Patrick asked if there is something in spring we could use? Yes, there's something like JavaConfig? (sp?) that use java property files to call setters on objects, but Gerd doesn't have experience of using them.

Paul to add the short-term fix.

Trac entry to be added to find a general solution.

RT 4699: GGUS-Ticket-ID: #50779 ASSIGNED to dCache Developers srm-{get,set}-permissions does not work on DPM

Timur commented that a patch from Dmitry has been committed but it looks like it was only a fix for the SRM-GET part. Waiting on Dmitry to get back for further investigation.

RT 4701: feature request: catch java ConnectionException when SRM-server is not running

Can redirect stdout/stderr from this stop command since the script checks whether the tomcat stops.

Disadvantage is that any real error messages would also disappear.

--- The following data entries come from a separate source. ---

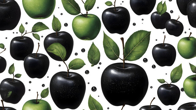 A Seamless Pattern of Black and Green Apples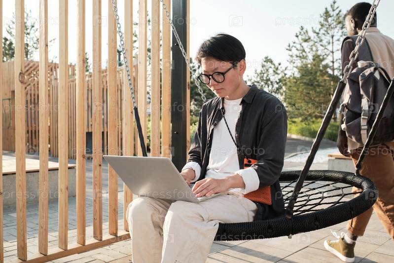 Женщина, работающая на ноутбуке в парке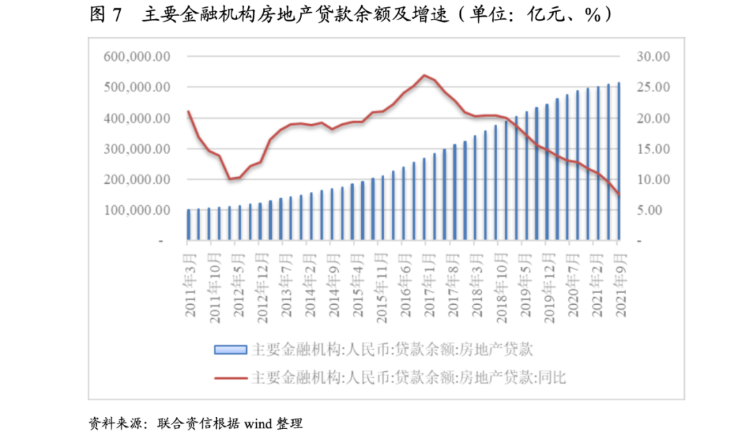從房地產企業主要融資渠道銀行信貸來看,銀行信貸流向房地產領域的增速持續下降。截至2021年三季度末,國內主要金融機構房地產貸款余額為514000億元,同比增長7.6%,增速為2011年以來首次連續兩個季度低于兩位數,增速創歷史新低。同時考慮到“房住不炒”的整體政策基調以及金融機構房地產貸款集中管理制度的影響,預計主要金融機構仍將壓降房地產貸款增速。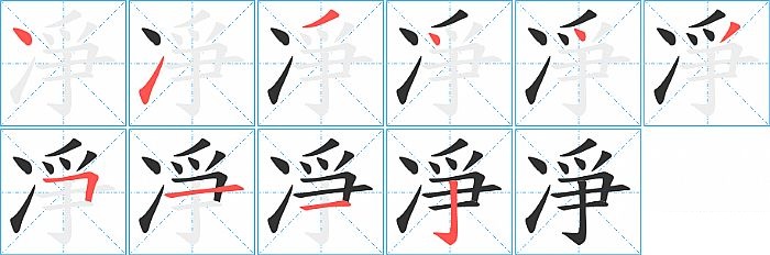 《凈》字的笔顺分步演示图(一笔一画写汉字)

Alternative: we have the process-id file. Before telling tomcat to stop, check whether tomcat is still running.

Timur to have a look.

RT 4702: feature request: pools smaller than 4 GB

Solved.

Gerd explained what the gap was.

RT 4706: Default owner for the chimera database has administrative privileges

No discussion.

RT 4708: XML parser vulnerability

Gerd: looked at Xerces project. There hasn't been a new release since 2007. There has been a commit in June 2009 SVN, but no announcement about a new release.

Our options seem to be:

  • compile our own version,
  • move to using the Java built in support,
  • ignore the issue,
  • take an already-patched version from someone.

Some distributions are shipping a patched version of the JVM.

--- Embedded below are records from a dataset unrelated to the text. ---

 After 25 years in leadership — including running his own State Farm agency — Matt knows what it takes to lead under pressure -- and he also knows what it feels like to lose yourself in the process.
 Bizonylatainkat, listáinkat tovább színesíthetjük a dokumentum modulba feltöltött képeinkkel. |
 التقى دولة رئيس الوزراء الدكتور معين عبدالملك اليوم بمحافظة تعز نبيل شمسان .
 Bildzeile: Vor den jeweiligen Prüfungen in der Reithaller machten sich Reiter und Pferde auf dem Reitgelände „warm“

Do we know to what extent we can depend on the OS providing the Java dependencies here? Owen reported that gLite doesn't do this well.

Owen: to put into trac explicit dependency on Xerces as a long-term goal. Update : Done

Paul & Gerd to do something short-term.

RT 4712: retry setting for suspended files

Site is claiming pools not going offline but files going into suspended state.

Gerd: may happen if the pool doesn't respond to three successive poolmanager requests.

Can switch this suspend off, but then file transfers will fail instead. However, with a sufficiently long time-out, this isn't a problem.

The user reported that switching to a higher timeout value was not respected by PoolManager.

If the problem is something they can reproducing then switching on debug logging in the pool manager would catch useful information.

Owen to follow this up.

RT 4716: list 10k on chimera as root takes O(2-4) more than as a regular user!

Gerd: most likely explanation is caching.

Paul to copy Gerd's reply "how to test Chimera" to wiki page.

RT 4721: Problem in GridftpClient when copying files to dCache with srmcp

Gerd suggesting to use a different JVM and checking whether it works.

RT 4731: PinManager: files in pinning state while their pinning have already expired

Already discussed.

RT 4733: gsidcap failures with new CAs

This is potentially a very serious ticket.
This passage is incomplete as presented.